LoqiRoam · 旅日記
看板の色から海の青まで
池、公園、商店街、門前町、神社、海辺をつないで、街の色を空と海まで広げた旅。
門松から出て、最初は池のまわりを歩いた。駕与丁公園の水面と緑は、駅前へ向かう前の気持ちをゆっくり整えてくれる。そこから香椎の商店街へ移ると、看板や店先の色が急に近くなり、町の人の暮らしが旅の景色になった。香椎の門前町を歩いているうちに、にぎやかな通りの先で香椎宮の朱色と木陰に出会う。商いの時間が、神社の長い時間へすっとつながるのが不思議だった。さらにアイランドシティ中央公園で、今度は水と緑を計画的に置いた新しい街の明るさを見た。最後は海の中道海浜公園へ。ここまで来ると看板も鳥居も遠くなり、海風と空が集めた色を大きく広げてくれた。小さな駅前の色を拾うつもりが、最後には福岡の空そのものを持ち帰る旅になった。
この旅の足跡
- 池のまわりに約4.2キロの遊歩道が続き、緑と水面が住宅地の向こうまで広がっていました。静かなのに歩く距離はしっかりあり、最初の一色から思ったより深く入れそうです。
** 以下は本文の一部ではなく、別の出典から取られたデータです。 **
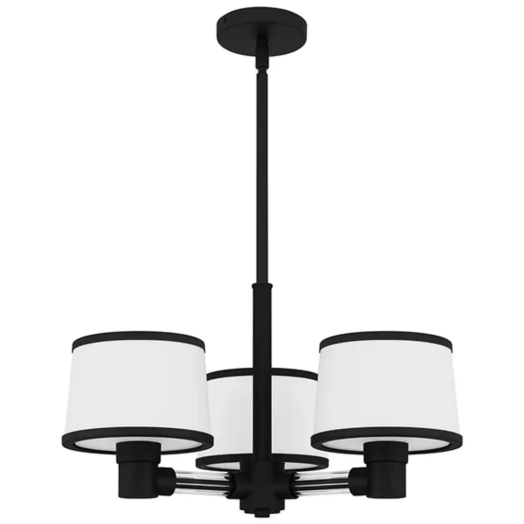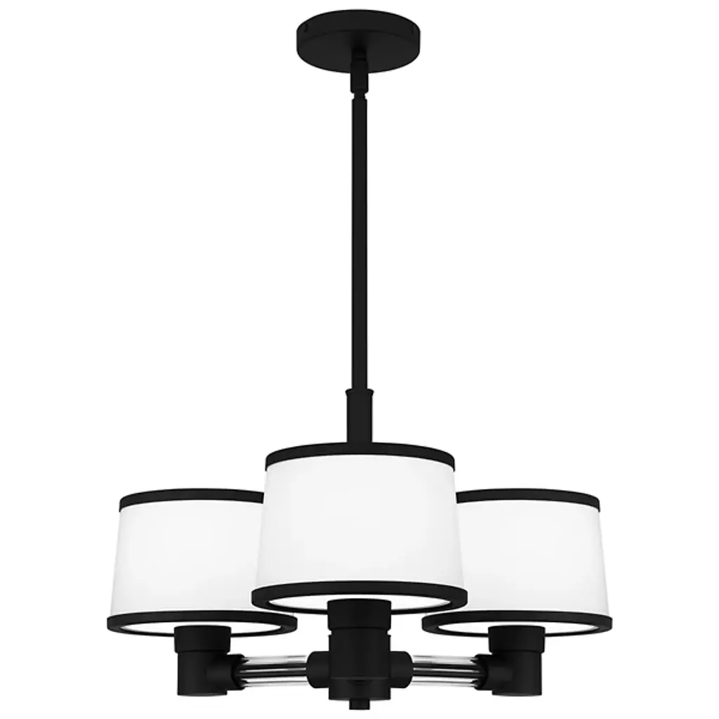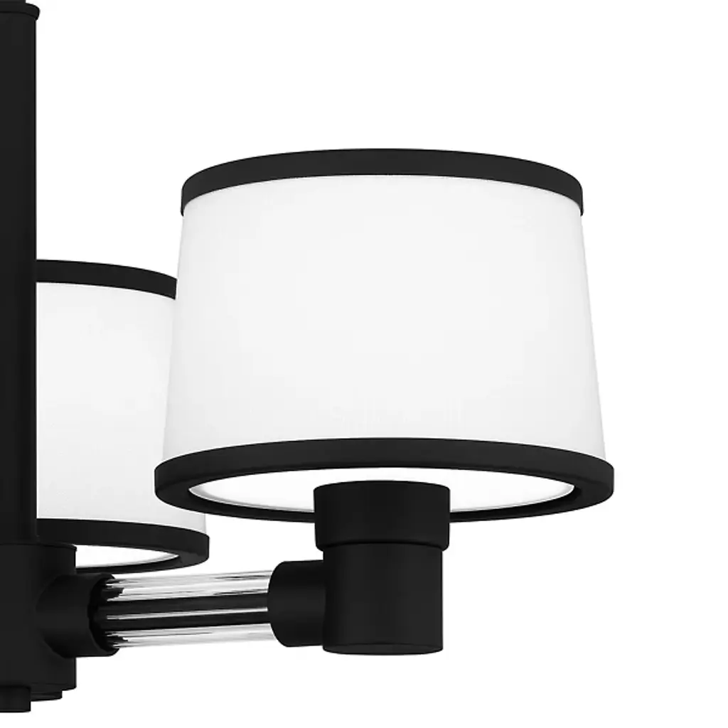 Discover the Kylen Chandelier from Quoizel, which marries classic design with a modern twist. It is adorned with drum shades featuring egg-shell fabric and contrasting black edges; this fixture exudes sophistication. Enhanced by a matte black finish, it offers versatile styling options, seamlessly complementing any space. Elevate your decor with the timeless elegance and contemporary allure of the Kylen Chandelier, a perfect fusion of traditional charm and modern sophistication.
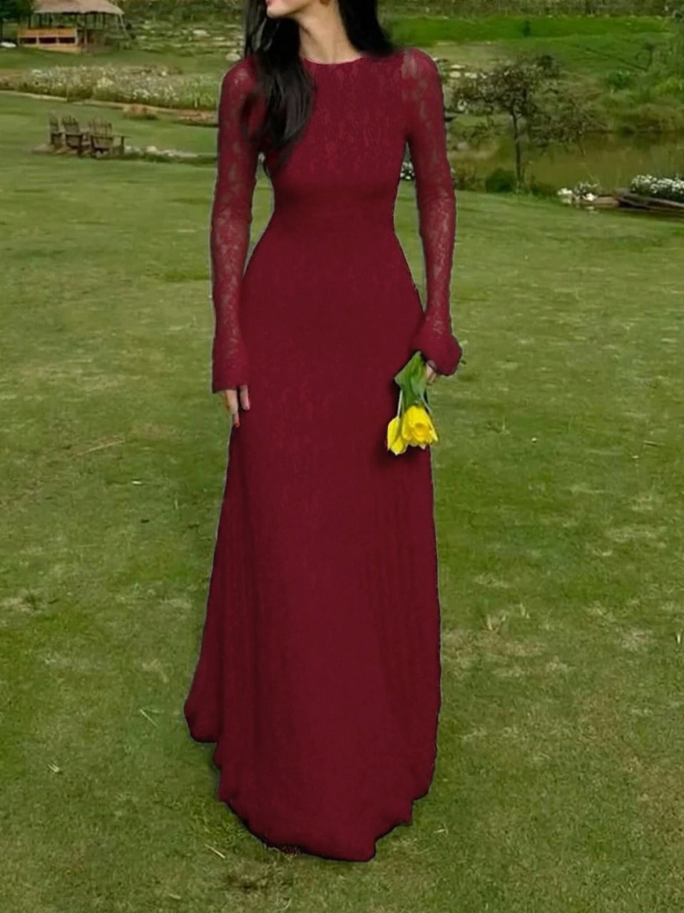 The Elegant Burgundy Lace A-Line Dress combines timeless grace with modern design. Featuring a round neckline, delicate contrast lace details, and a flattering high waist A-line silhouette, this dress delivers effortless sophistication for formal or evening occasions. Crafted from medium-stretch lace fabric, it offers comfort and structure while maintaining its elegant drape.
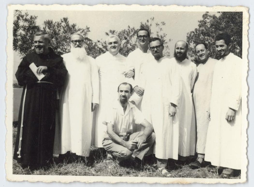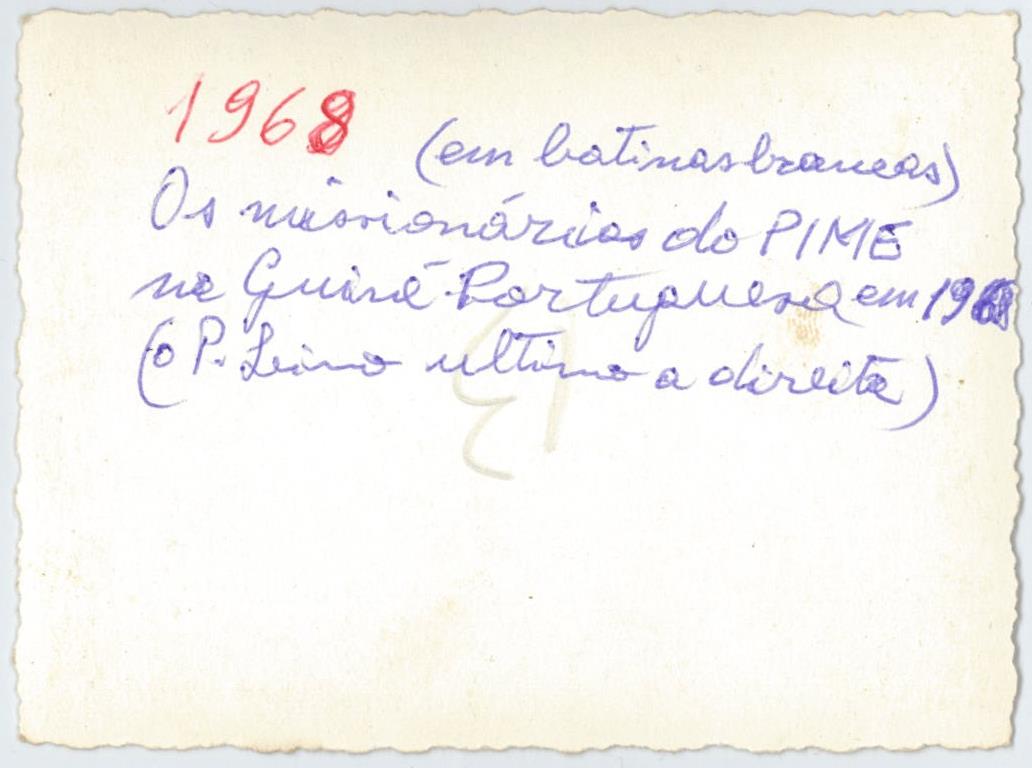 Fotografia a preto e branco com a seguinte legenda: 1968 (em batinas brancas) Os missionários do PIME na Guiné Portuguesa em 1968 (o Padre Lino último à direita).
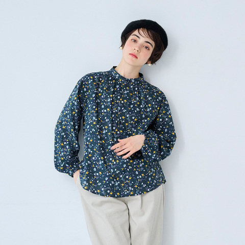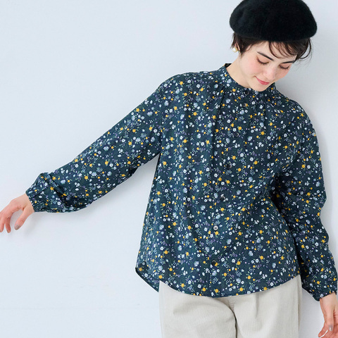 首元に寄せたギャザーと木の実柄がやさしい雰囲気を添えるシャツです。
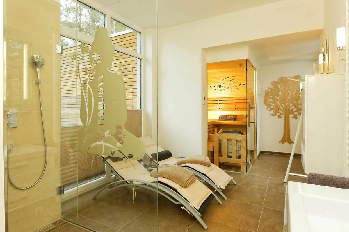 • Wellnessbadezimmer (Raumhöhe 2,8 m) mit Sauna, Ruhebereich mit 2 Liegen, Dusche, WC, Fön
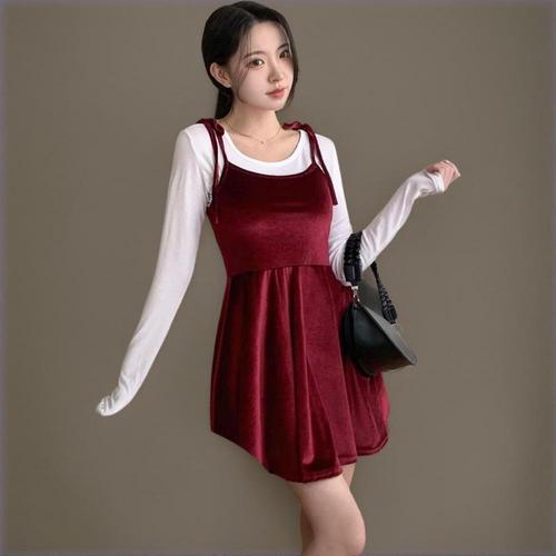 [옷자락] 여자 가을 겨울 연말 파티 벨벳 셔링 끈나시 미니원피스
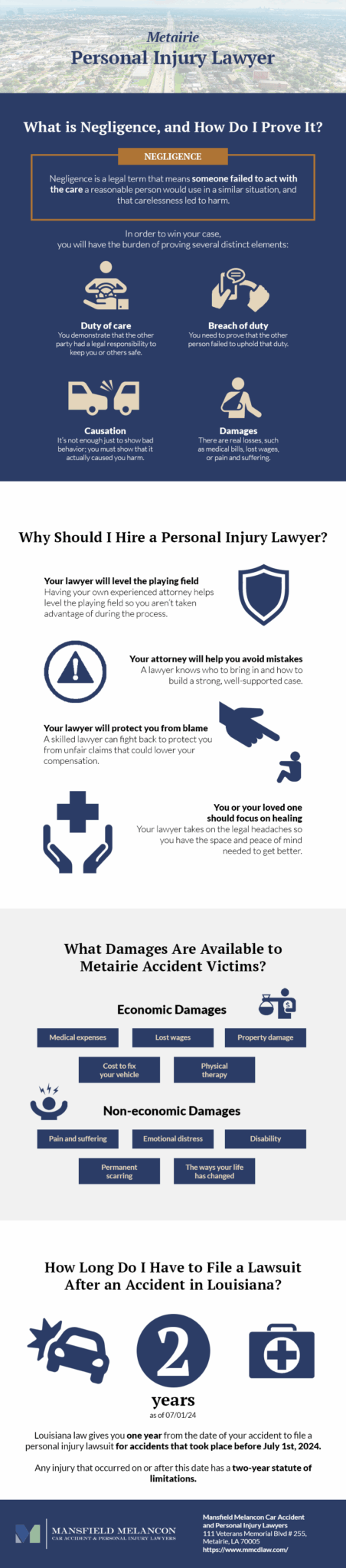 If you have been injured in Metairie, LA, due to someone else’s negligence, it’s important to know you have legal rights. If you need help with a claim, call Mansfield Melancon Car Accident and Personal Injury Lawyers at (888) 601-0127 to schedule a free consultation with a Metairie personal injury lawyer.

- 池のほとりを歩いたあと、香椎線の駅前には小さな店の看板や生活の色が戻ってきます。公園の静けさから数分で町の声に変わる感じが面白く、同じ地域でも表情が急に変わりました。
- 香椎はJRと西鉄の駅を中心に商店が並ぶ門前町で、歩くほど道の幅と看板の密度が変わります。駅前の明るい色に、昔から続く商いの気配が重なって見えました。
- 香椎宮は開門時間が確認できる大きな神社で、本殿の奥には古い宮跡の話も残っています。商店街の色が境内で朱と木の色に変わり、歩いてきた町の時間が少し長く感じられました。
- 島の中央にある公園は、水と緑を軸にした都市の休憩所です。自然光の入る施設や広場があり、神社の木陰とは違う、明るく整った緑の色に少し驚きました。
- 海の中道海浜公園は季節で開園時間が変わり、広い園内に花や海風の景色があります。最後にここまで来ると建物の色が小さくなり、空の青さが旅全体をまとめてくれました。